(Dataset content Opens)

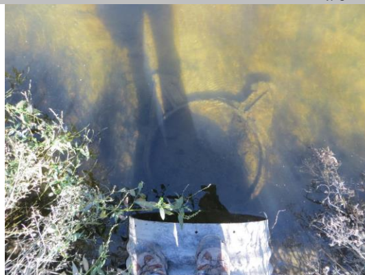
Flapgate has fallen off at WS toe.
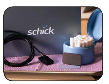
Digital x-ray sensor and plate
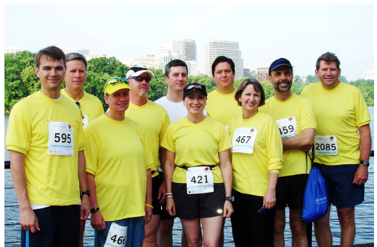
The FBA D.C. Circuit team in post-race mode
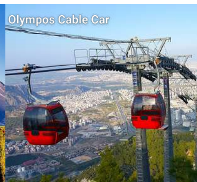
Olympos Cable Car
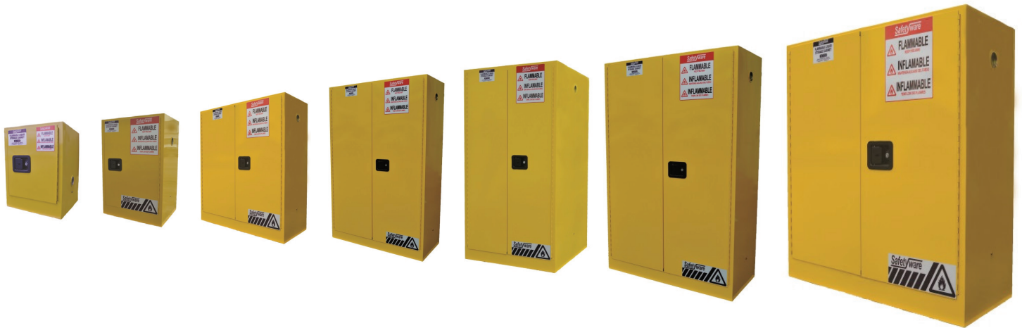
4 Gallons 12 Gallons 30 Gallons 45 Gallons 60 Gallons 90 Gallons 110 Gallons

(Dataset content Closes)

Instructions for the task — Would you reproduce the lines above exactly, without carrying over the pictures?

Result for this task —
Flapgate has fallen off at WS toe.
Digital x-ray sensor and plate
The FBA D.C. Circuit team in post-race mode
Olympos Cable Car
4 Gallons 12 Gallons 30 Gallons 45 Gallons 60 Gallons 90 Gallons 110 Gallons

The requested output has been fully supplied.